LC-MS/MS analysis of the resultant peptides (1 µg each) was performed on an EASY-nLC 1200 UHPLC connected to a Q Exactive Plus mass spectrometer through a nanoelectrospray ion source (Thermo Fisher Scientific). The peptides were separated with a linear gradient from 4–20% ACN for min 0–180 and 20–32% ACN for min 180–220, followed by an increase to 80% ACN during min 220–230. The mass spectrometer was operated in a data-dependent acquisition mode with a top 15 MS/MS method. MS1 spectra were measured with a resolution of 70,000, an automatic gain control (AGC) target of 3 × 106, and a mass range of 375–1400 m/z. HCD MS/MS spectra were acquired at a resolution of 35,000, an AGC target of 1 × 105, an isolation window of 0.4 m/z, a maximum injection time of 100 ms, and a normalized collision energy of 34. Dynamic exclusion was set to 30 s. Raw data were directly analyzed against the SwissProt database restricted to M. musculus using Proteome Discoverer version 2.3 (Thermo Fisher Scientific) with Mascot search engine version 2.5 (Matrix Science) for identification and TMT quantification. The search parameters were as follows: (a) trypsin as an enzyme with up to two missed cleavages; (b) precursor mass tolerance of 10 ppm; (c) fragment mass tolerance of 0.02 Da; (d) TMT of lysine and peptide N-terminus and carbamidomethylation of cysteine as fixed modifications; and (e) oxidation of methionine as a variable modification. Peptides were filtered at a false-discovery rate (FDR) of 1% using the percolator node.
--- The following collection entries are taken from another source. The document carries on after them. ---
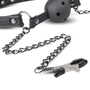 Кляп з зажимами на соски Open Ball Gag With Nipple Clamps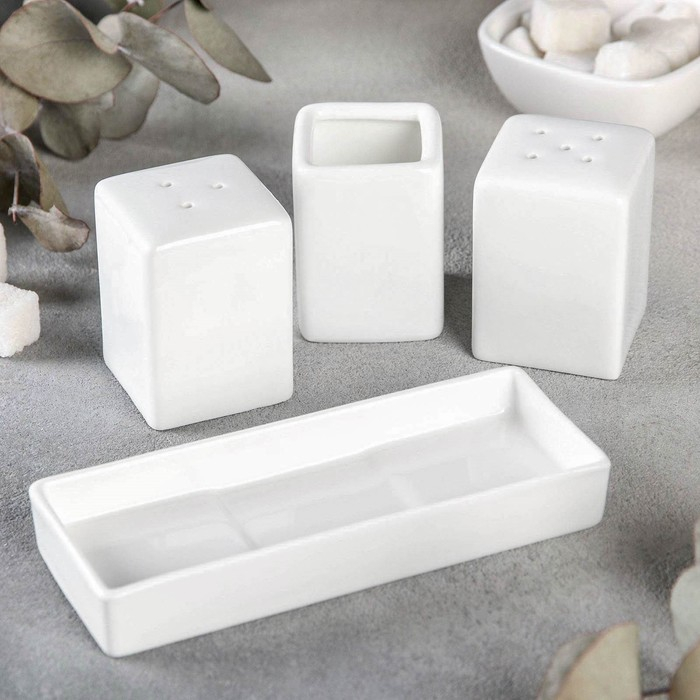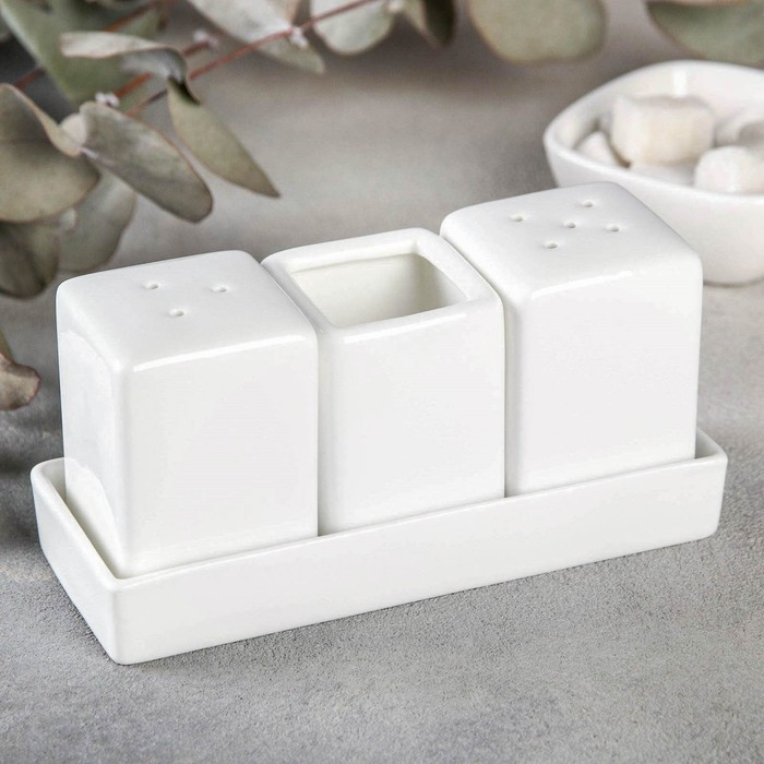 Набор фарфоровый для специй Wilmax, 3 предмета: солонка 60 мл, перечница 60 мл, ёмкость для зубочисток, цвет белый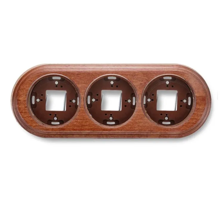 La marque Fontini présente sa collection Garby avec le socle Triple horizontal en hêtre couleur miel.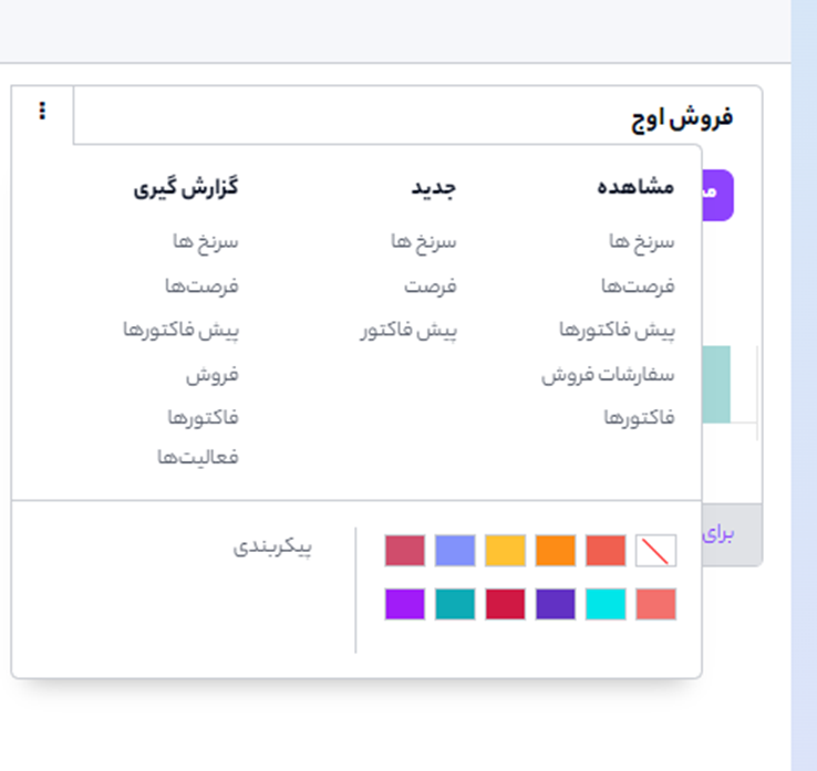 برای مشاهده منوی راهنما در گوشه کاشی بر روی سه نقطه کلیک کنید. در این منو نمایی سریع از اسناد یا گزارشها نمایش داده شده و امکان ایجاد پیشفاکتورها یا فرصتهای جدید، انتخاب رنگ برای تیم، و یا دسترسی به برگه پیکربندی تیم در آن تعبیه شده است.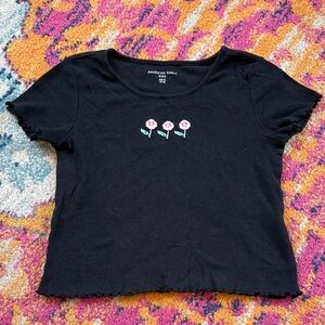 American Eagle Outfitters Charcoal Ribbed Tee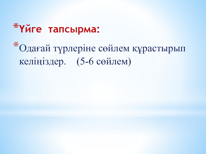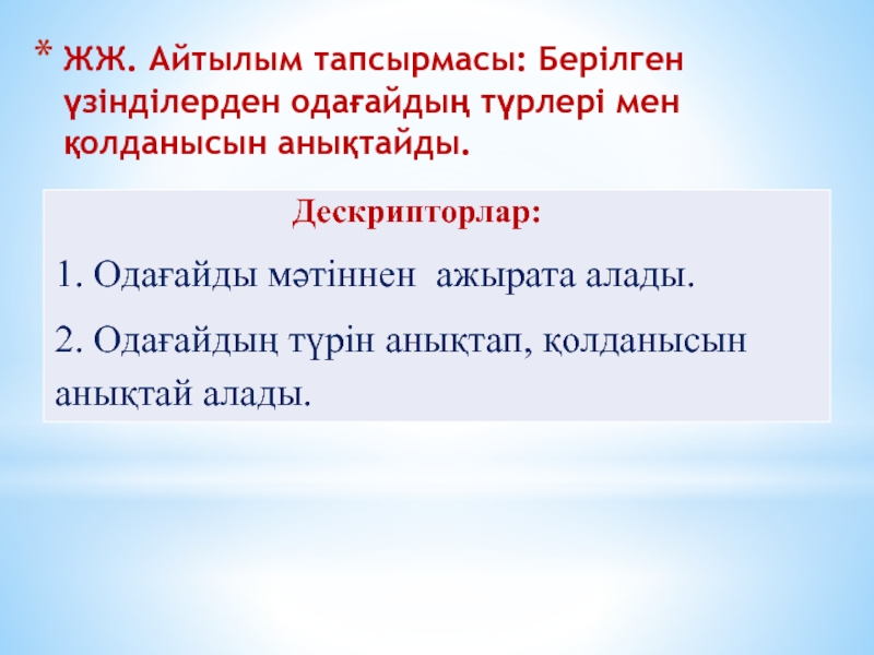 Слайд 5ЖЖ. Айтылым тапсырмасы: Берілген үзінділерден одағайдың түрлері мен қолданысын анықтайды.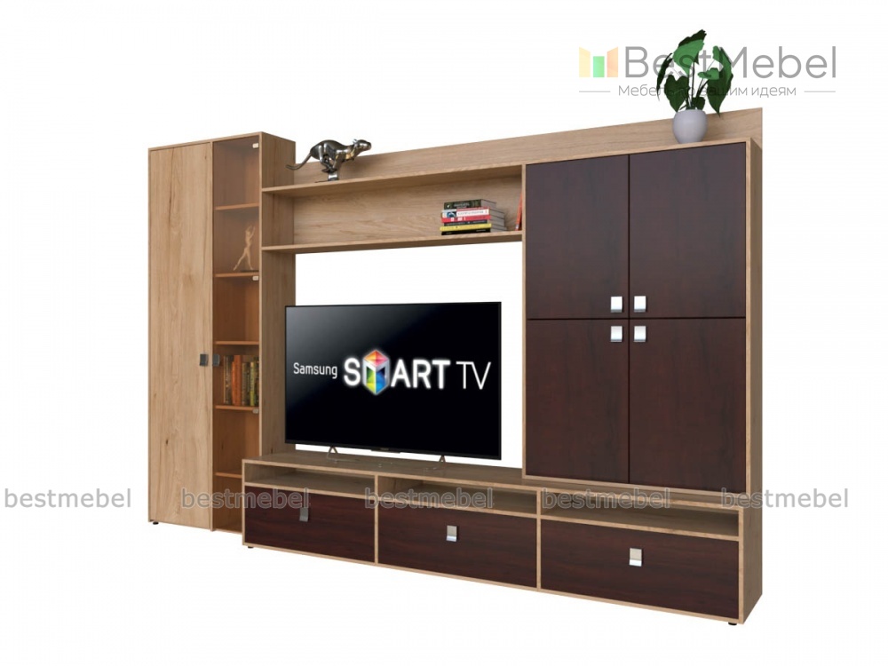 Стенка Гамлет 1 BMS выглядит уютно и актуально благодаря цветовому решению под массив дерева. Широкую низкую тумбу с нишами и выдвижными ящиками для аппаратуры и сопутствующих аксессуаров дополняют распашной шкаф с глухими фасадами, комбинированный со стеклянной дверцей и открытые полки. Оригинальная фурнитура придает дизайну особенную выразительность. Купить стенку Гамлет 1 BMS с возможностью изготовления по индивидуальным размерам приглашаем в наш интернет-магазин.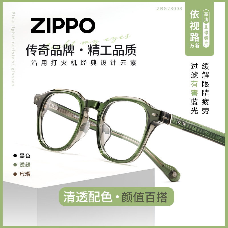 Zippo近视眼镜框配万新防蓝光镜片时尚超清素颜护目大框ZBG23010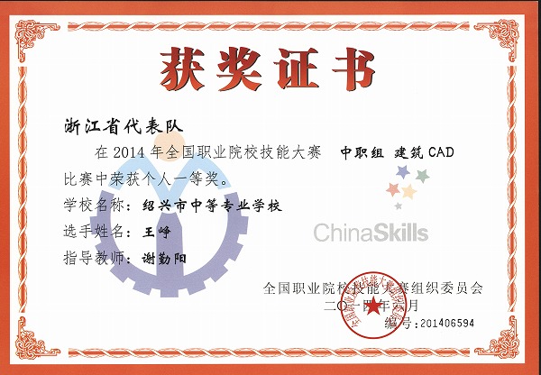 王峥同学荣获2014年全国职业院校技能大赛中职组建筑CAD比赛项目一等奖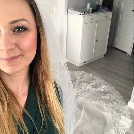 nydelig og lite brukt brudeslør, Sløret er langt.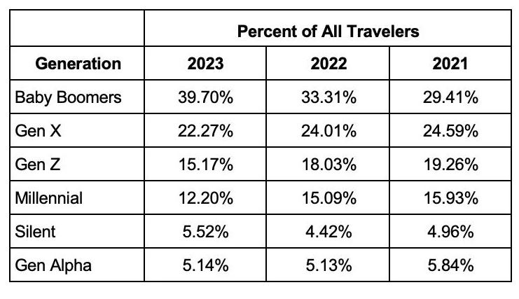 Οι Baby Boomers αντιπροσωπεύουν το 40% όλων των ταξιδιωτών του καλοκαιριού φέτος, σε σύγκριση με το 33% το περασμένο καλοκαίρι και το 29% το 2021.
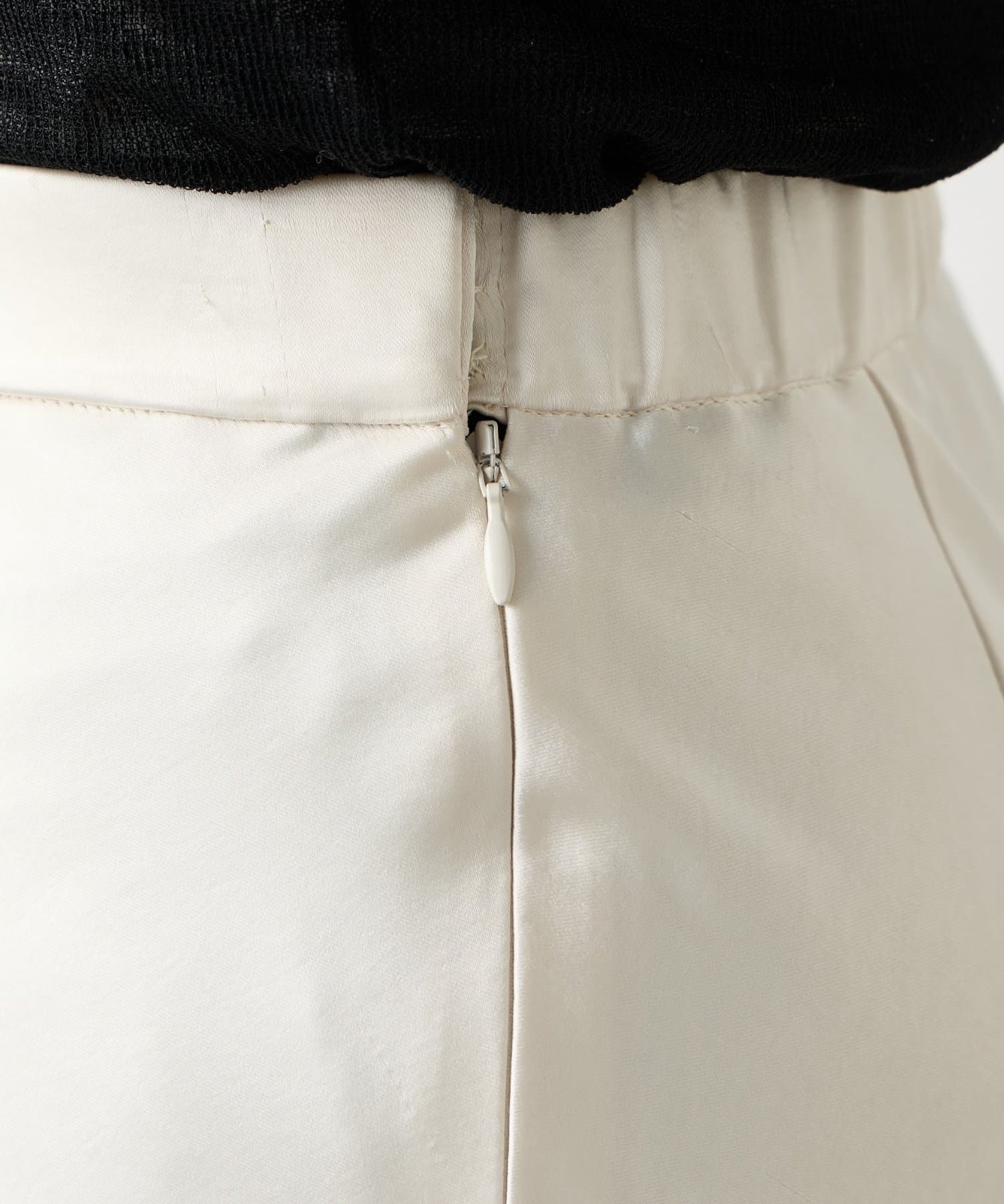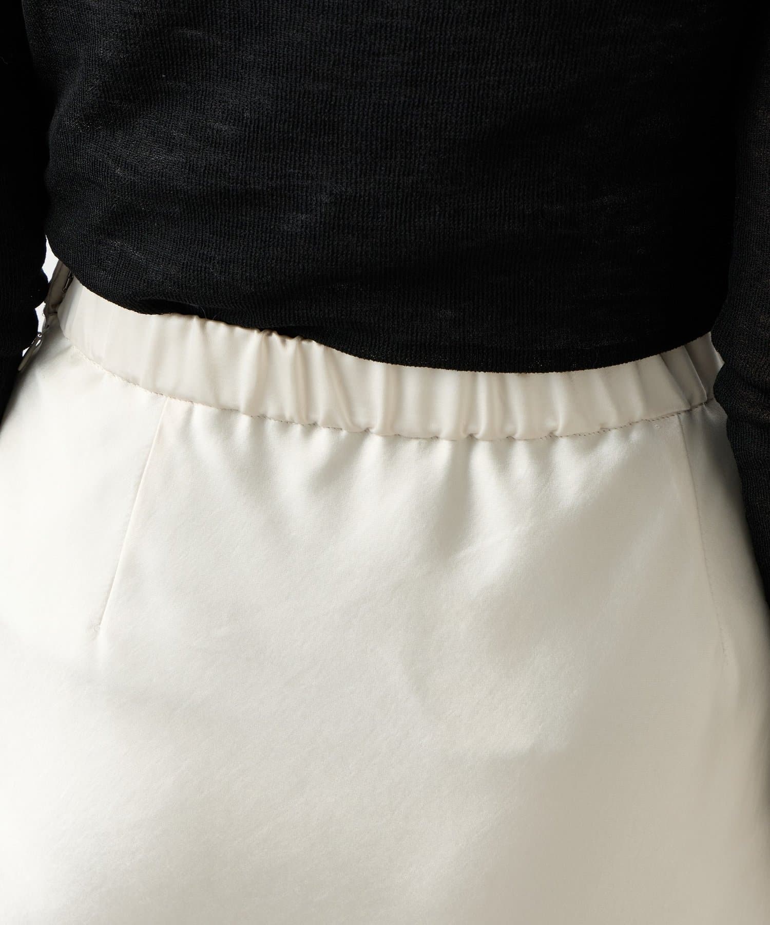 上品な光沢感とすっきりとしたしなやかなシルエットが魅力のサテンスカート。

To quantify contactin-2 and CHL1, at least three peptides/proteins were measured using PRM, an MS/MS-based targeted quantification method using high-resolution MS. Targeted MS/MS scans were acquired by a time-scheduled inclusion list at a resolution of 70,000, an AGC target of 2 × 105, an isolation window of 4.0 m/z, a maximum injection time of 500 ms, and a normalized collision energy of 27. Time alignment and relative quantification of the transitions were performed using PinPoint version 1.4 (Thermo Fisher Scientific).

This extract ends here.